Post 4, dye pen test as used by welders for flaw finding. If it looks like a score, maybe something has flaked off one of the rings?


----------



## mwebster (Aug 18, 2005)

I am afraid I dont know of a way to test it in situ, but to be honest if you have not found your source of water I would be concerned about that, what is your oil like any signs of water in it ? and have you got any slight polished markings on the piston edges? perhaps some pics of the pistons and the spark plugs may assist. if it is an RB26 86mm is std


----------



## R32 Combat (Jan 29, 2004)

Personally, if it was MY engine, I wouldn't worry about it. A slight score is no big issue.


----------



## mwebster (Aug 18, 2005)

R32 Combat said:


> Personally, if it was MY engine, I wouldn't worry about it. A slight score is no big issue.


I would agree for a road car if he had found the source of the white smoke but with an good tested head and no sign of head gasket probs I would be more concerned.


----------



## R32 Combat (Jan 29, 2004)

Valid point, I should have read the entire post.


----------



## cossie0_4 (Dec 25, 2008)

the oil is mixing with water and the pistons are still in the block will get a pic of the gasket up for you too look at cheers
here is the gasket after looking abit better i found this do you think this could of cause the probs with gasket failure and the smoke cheers
















just another pic of mark i know the line goes right down but the score is only the top bit rest is smooth cheers


----------



## mwebster (Aug 18, 2005)

dont mean to be a gloom and doom merchant but that really does sound like a cracked bore, although for the cost of the parts involved I would be very tempted to reassemble with a new gasket and chance my arm.


----------



## R32 Combat (Jan 29, 2004)

how much anti freeze do you run?


----------



## Steve Law (Oct 22, 2009)

Hi,

Sorry but I agree.
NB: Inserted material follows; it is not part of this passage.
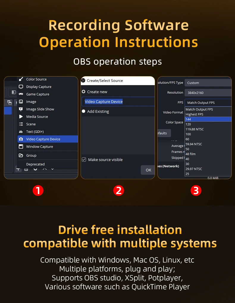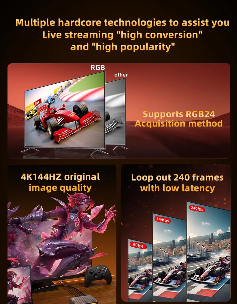 يدعم إعدادات فيديو بدقة 3840×2160 ومعدل إطارات 144FPS، ويعمل بكفاءة دون الحاجة لتعريفات معقدة.

I started out as a crack tester (no that is not a joke job....) at an aerospace company and it looks very much like a crack to me.

The procedure to test this type of thing is simple, if you have a decent general fabrication workshop near you they'll almost certainly be able to test it for you, its a quick job and shouldn't cost much at all.

If you can get your hands on a decent quality magnifying glass you will see much more clearly what it is your dealing with.

Good luck with it,

Steve


----------



## cossie0_4 (Dec 25, 2008)

i will try the magnifying glass tomorow.and i usually run a 50/50 antifreezem8


----------



## TAZZMAXX (Mar 9, 2010)

This is the stuff that I've been on about (3rd time lucky maybe!). 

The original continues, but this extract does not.